夏の夜の未知との遭遇

お盆が過ぎたとはいえ、まだまだライダーにとっては快適とはいえない日々が続いているが、大汗をかきながら、アツアツに熱せられた空気のなかを走ることも、もしかしたらバイクに乗るひとつの醍醐味かもしれない─。そんなことを思いつつ、昔の夏の記憶をたどってみると、ふと思い出したのが、若かりしころにバイクでソロキャンプに行ったときのことであった。

ある日の夕方、自分はその日の寝床へと向かっていたのだが、アテにしていたキャンプ場がなかなか見つからなくてけっこう焦っていた。結局自力では探し出せず、偶然山中で出会った地元の人に相談したところ、場所自体はすぐに分かったのだが、ついでに懸念点として教えてくれたのが、その環境についてだった。

まずひとつ目は夜中になると、街路灯の類が一切ないので、正真正銘の真っ暗闇になること。そしてふたつ目は暴○族が頻繁に訪れる場所が近いので、運が悪いと標的にされ、それはもうひどい目にあうとのことであった。その人の話によれば、以前あるライダーが標的にされて、バイクごと川に投げられたことがあったのだという。

その話を聞いてボクは震え上がった次第だが、日が暮れかかっていたのと、もうその時点で探し疲れていたので、やむを得ずそのキャンプ場で一晩明かすことにしたわけである。
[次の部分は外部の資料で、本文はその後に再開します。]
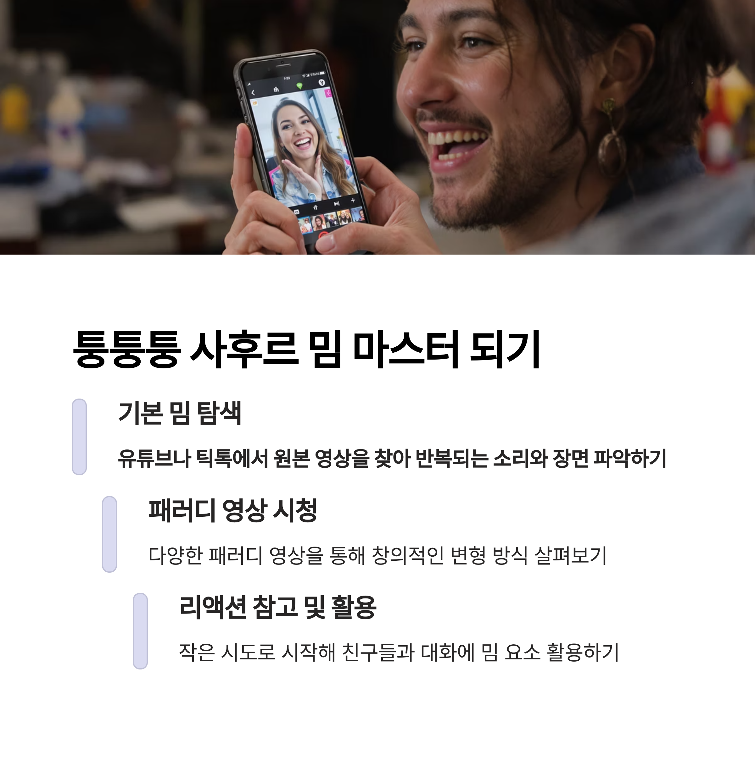 1단계: 기본 밈 탐색: 유튜브나 틱톡에서 '퉁퉁퉁 사후르' 원본 또는 인기 영상을 찾아 시청합니다.

真っ暗闇になるのは、まぁキャンプだし明かりがあるので特別気にすることはなかったのだが、問題は明かりをつけていたら、すぐにヤツらに発見され、標的になってしまうのではないかということである。なのでバイクは可能な限り人目につかない場所に駐車して、テントも物陰に隠して設営したつもりだったが、やはり明かりをつけてしまうと、誰かいることは容易に分かってしまう環境だった。
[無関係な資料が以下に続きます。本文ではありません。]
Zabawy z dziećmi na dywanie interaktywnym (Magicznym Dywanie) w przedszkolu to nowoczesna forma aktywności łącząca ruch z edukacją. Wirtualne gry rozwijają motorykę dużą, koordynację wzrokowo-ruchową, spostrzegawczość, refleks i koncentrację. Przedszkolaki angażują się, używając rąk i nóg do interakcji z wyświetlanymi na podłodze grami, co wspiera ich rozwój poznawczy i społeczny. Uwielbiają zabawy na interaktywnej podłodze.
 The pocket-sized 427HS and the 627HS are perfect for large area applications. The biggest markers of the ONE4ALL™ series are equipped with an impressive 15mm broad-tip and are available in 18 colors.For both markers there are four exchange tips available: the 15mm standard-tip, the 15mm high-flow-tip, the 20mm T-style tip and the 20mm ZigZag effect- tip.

そうこう悩んでいると、案の定遠くの方から、それらしい爆音が近づいてきたので、慌てて明かりを消し、可能な限り息を潜めていたわけだが、その数が半端ではなかった。一度近づくと爆音が途切れなく続き、しかも通るのは一度ではない。その間中、明かりをつけることができず、真っ暗闇のなか、眠ることはおろか逃げることもできず、ただただ耐えるしかない夜を過ごしたのであった。

結局いつの間にか眠ってしまい、気付いたら朝方になっていたのだが、今考えれば、無理にその場所でキャンプをせずに、多少遅くなっても別の場所にすればよかったと思うわけだが、とにかくあの夜の何とも言えぬ不安感は、今でも忘れられない思い出となっている。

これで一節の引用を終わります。